**Required work**: Please repeat exactly the lines from the one containing "エレコム(ELECOM) W-QS11WH ホワイト" to the end of the entries below, both included, and omit all pictures.

Items from a dataset:
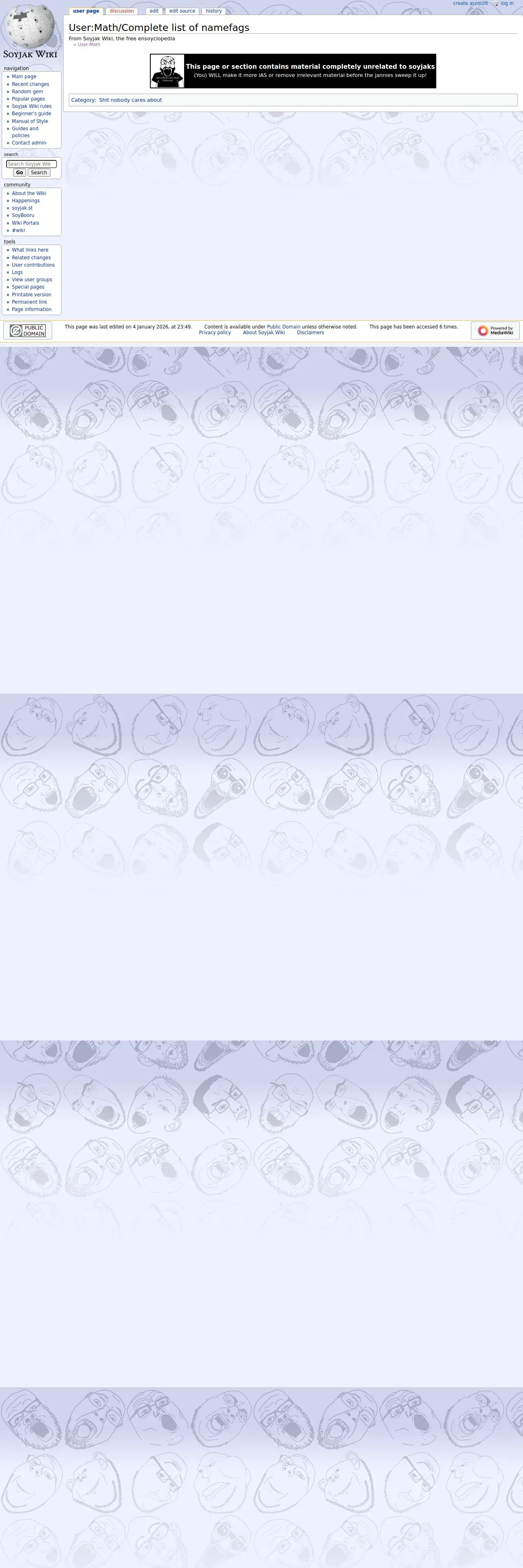 https://soyjakwiki.org:443/User:Math/Complete_list_of_namefags
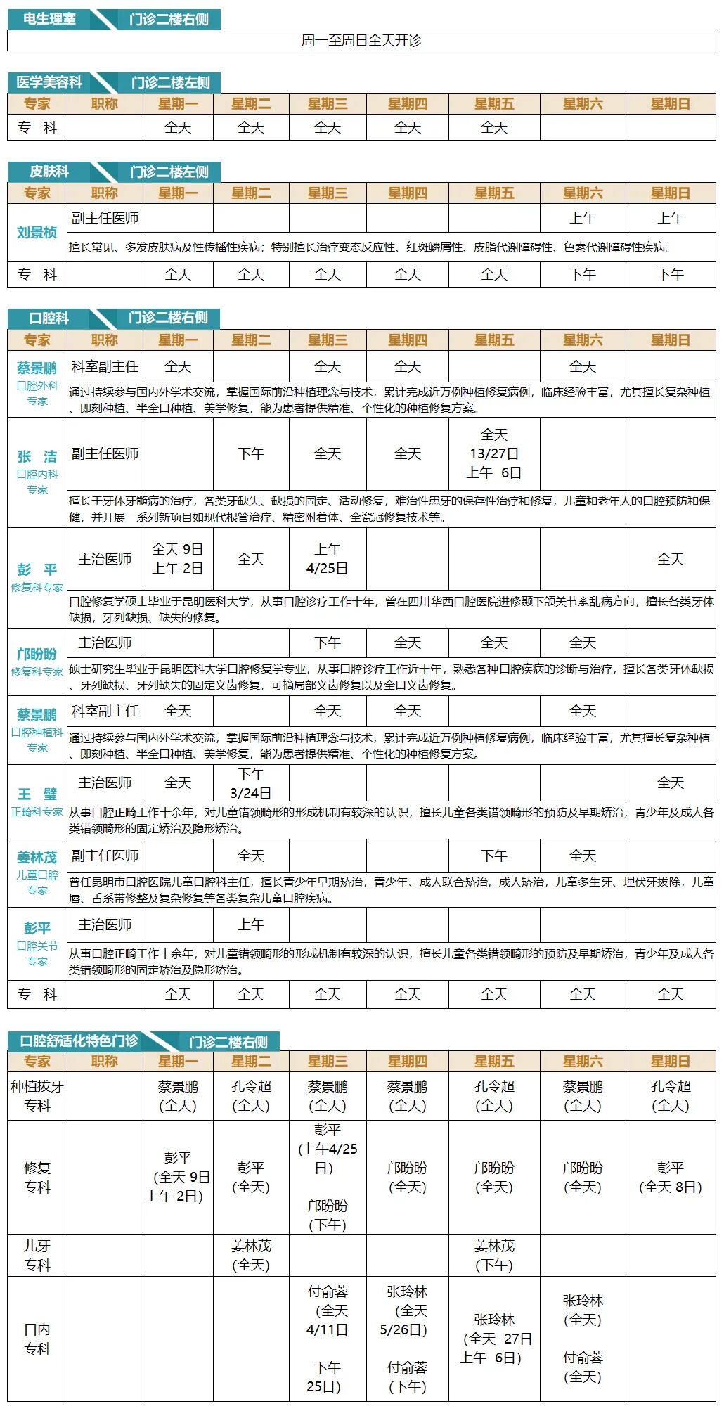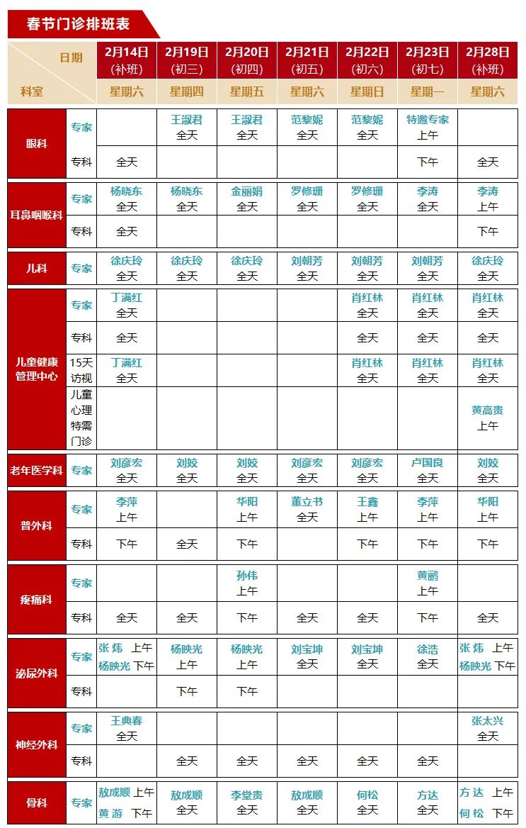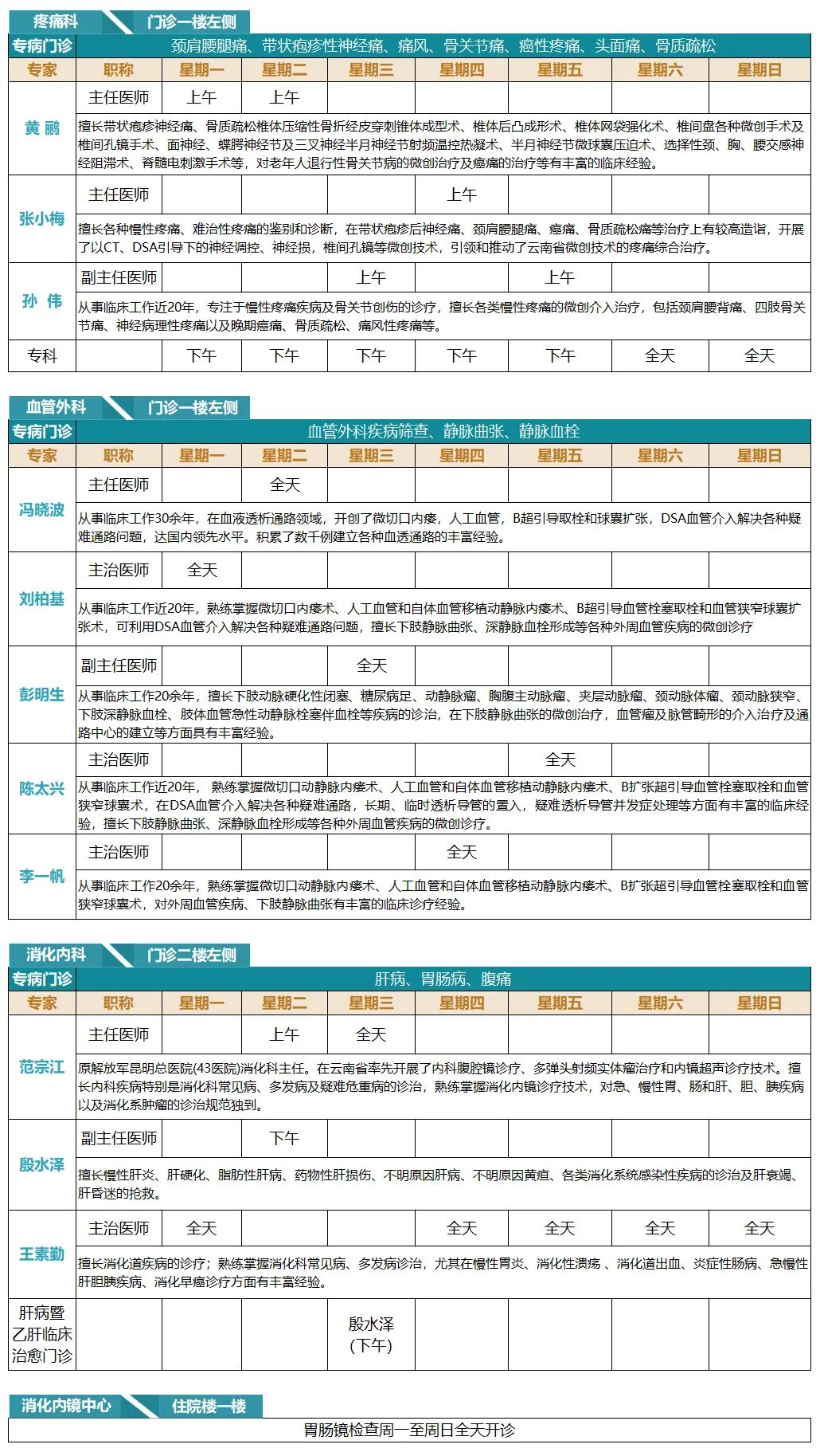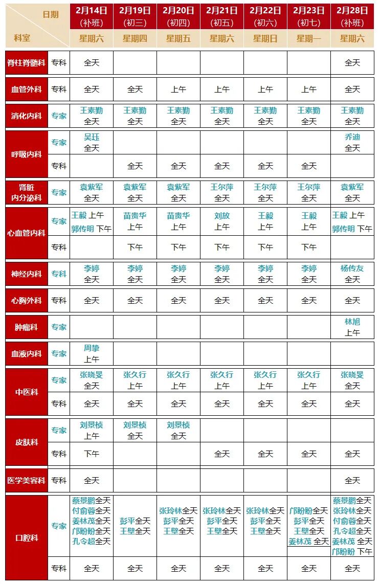 注:出诊专家如有临时变动以当天实际坐诊为准。
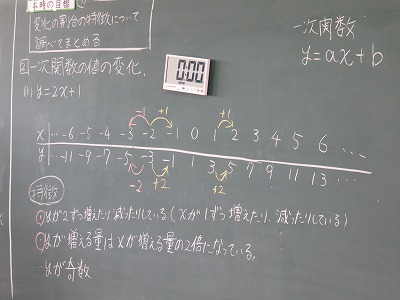 2年4組の数学は,一次関数の値の変化について学びを深めました。
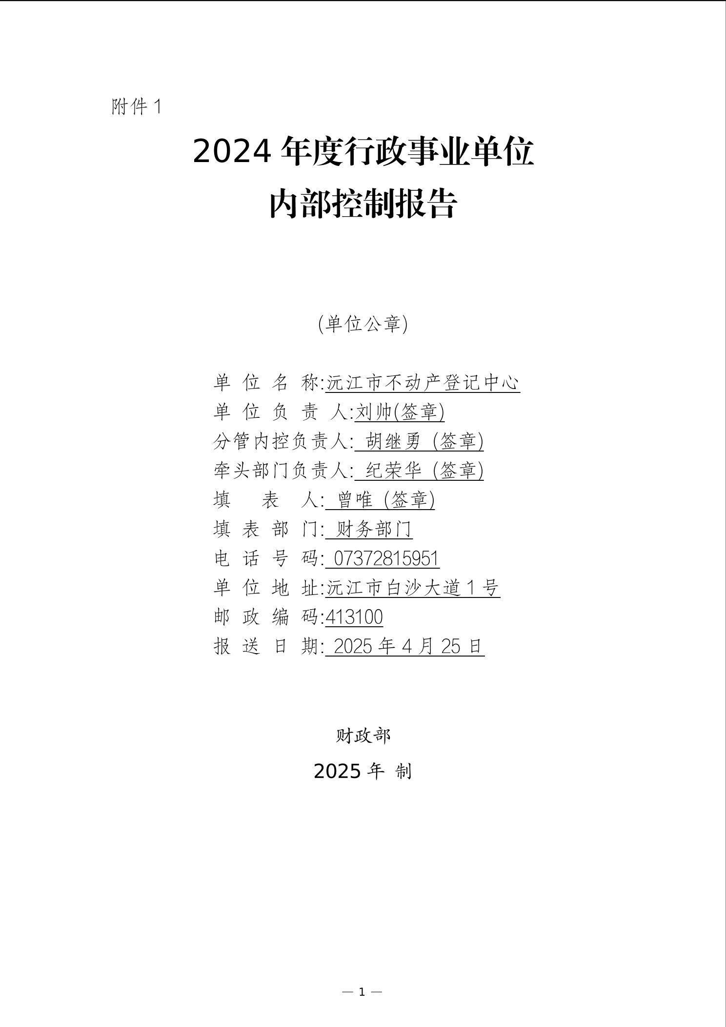 2024年度行政事業單位內部控制報告(不動產登記中心)
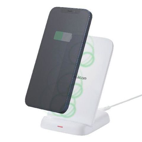 エレコム(ELECOM) W-QS11WH ホワイト ワイヤレス充電器 Qi認証 充電スタンド 12W / 10W / 7.5W / 5W 高速充電 横置き/縦置き
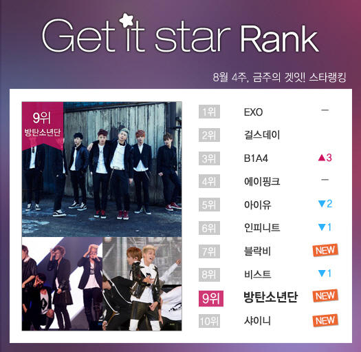 겟잇스타 랭킹 2014년 8월 4주차는 남자 아이돌 그룹들이 다시 힘을 내 순위권을 장악한 한 주였습니다. 인피니트, 블락비, 비스트, 방탄소년단, 샤이니 등 잠시 순위권에서 벗어났던 그룹들이 모두 TOP 10에 진입했는데요. 그중에서도 방탄소년단의 급상승한 인기가 눈길을 끌고 있습니다.

**Exercise result**:
 エレコム(ELECOM) W-QS11WH ホワイト ワイヤレス充電器 Qi認証 充電スタンド 12W / 10W / 7.5W / 5W 高速充電 横置き/縦置き
 겟잇스타 랭킹 2014년 8월 4주차는 남자 아이돌 그룹들이 다시 힘을 내 순위권을 장악한 한 주였습니다. 인피니트, 블락비, 비스트, 방탄소년단, 샤이니 등 잠시 순위권에서 벗어났던 그룹들이 모두 TOP 10에 진입했는데요. 그중에서도 방탄소년단의 급상승한 인기가 눈길을 끌고 있습니다.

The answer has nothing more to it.